Les deux autres ont froid, mais ne souffrent pas. Je ne me donne même pas la peine de mesurer leur température. Si nous sommes interceptés par les forces de … j’ai assez d’indicateurs de gravité pour résister, empêcher toute interpellation, arrestation et renvoi en Italie pour eux, mise en garde à vue pour nous. Finalement, la gravité de leur situation nous lave de toute inquiétude vis-à-vis des forces dites de l’ordre et de leurs pratiques.
J’accompagne nos 2 passagers les plus inquiétants aux urgences. Ils sont d’accord. J’ai prévenu les urgences de notre arrivée. Tout de suite, les deux patients sont installés, des bassines d’eau chaude bétadinée leurs sont présentées, une pour les mains, une pour les pieds. Le même protocole que celui que nous pratiquons au Refuge solidaire… Leur température centrale atteint péniblement les 35° après 20 minutes de réchauffement intense, la durée du trajet pendant lequel Marie, Agnès et moi-même avons pourtant tellement mijoté…

Retour au refuge

Les deux autres passagers ont encore un peu froid, mais ils se portent bien. Nous allons au refuge poursuivre les soins : réchauffement, réhydratation, restauration, réassurance, écoute. Tel est notre protocole d’accueil. Les bénévoles, tout comme les personnes hébergées, le connaissent et l’appliquent. Tous bien trop heureux d’en profiter. Quand vient notre tour… il est 2 heures 30.

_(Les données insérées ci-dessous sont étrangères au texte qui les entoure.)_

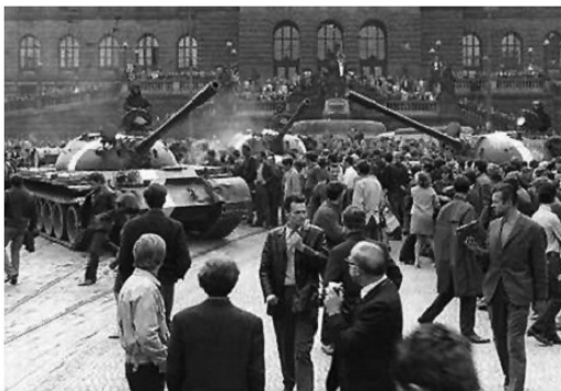
Տեսարան Հունգարիայի ապստամբությունից, 1956 թ.

Եվրոպական սոցիալիստական երկրներին պարտադրելով խորհրդային մոդելը՝ խորհրդային ղեկավարությունն անտեսեց այն հանգամանքը, որ դրանք ժողովրդավարությանը վարժված երկրներ էին, որտեղ հարգում էին խոսքի, մամուլի, միությունների ազատությունը և բազմակարծությունը: Դրանց բացակայությունը, որ ի հայտ եկավ այդ երկրներում սոցիալիստական հռչակվելուց հետո, եղավ խոր և համազգային դժգոհության առաջին պատճառը: Մյուս պատճառը տնտեսական ծանր վիճակն էր, որի մեջ հայտնվեցին այդ երկրները: Սկզբում նրանք հավատում էին, որ սոցիալիզմը կնպաստի իրենց երկրների զարգացմանը և առաջընթացին, նրանց կապահովի բարեկեցիկ և քաղաքակիրթ կյանքով: Շուտով ակնհայտ դարձավ, որ կապիտալիզմի հետ մրցության մեջ սոցիալիզմը տանուլ է տալիս: Այդ երկրներում սկսվեց տնտեսական անկում, պարենամթերքի և ապրանքների պակաս, ինչպես ԽՍՀՄ-ում էր, գների աճ և տնտեսական դրության կտրուկ վատթարացում: Բայց այդ դժգոհությունը պոռթկումի վերածվելու համար անհրաժեշտ էին բարենպաստ պայմաններ, որոնք սոցիալիստական համակարգում ստեղծվեցին 1953թ.՝ բռնակալ Իոսիֆ Ստալինի մահվանից հետո ԽՍՀՄ-ում որոշ փոփոխությունների հետևանքով: Արդեն 1953թ. օգոստոսին լայնածավալ հուզումներ տեղի ունեցան Գերմանիայի Դեմոկրատական Հանրապետությունում: 1956թ. գինված

Le lendemain, j’ai rendez-vous à 13 heures  au Refuge pour l’interview avec l’équipe de la télévision suisse. A peine entrée, je cherche nos « survivants » de la veille, de leurs nouvelles. Les deux plus jeunes ramenés tard dans la nuit se reposent encore. Je tombe face à face avec l’homme aux doigts déjà amputés. Il vient de rentrer de l’hôpital. Gelures du premier degré! J’aurais pensé du second….
Il me demande, moitié soulagé, moitié inquiet, en tout cas vraiment étonné : comment a-t-on fait pour les trouver. Trop heureuse, je lui raconte l’expérience Botswanaise….
« Ah Ah ! Tu vois ! Tu as trouvé le Lion ! », me dit-il dans un grand éclat de rires.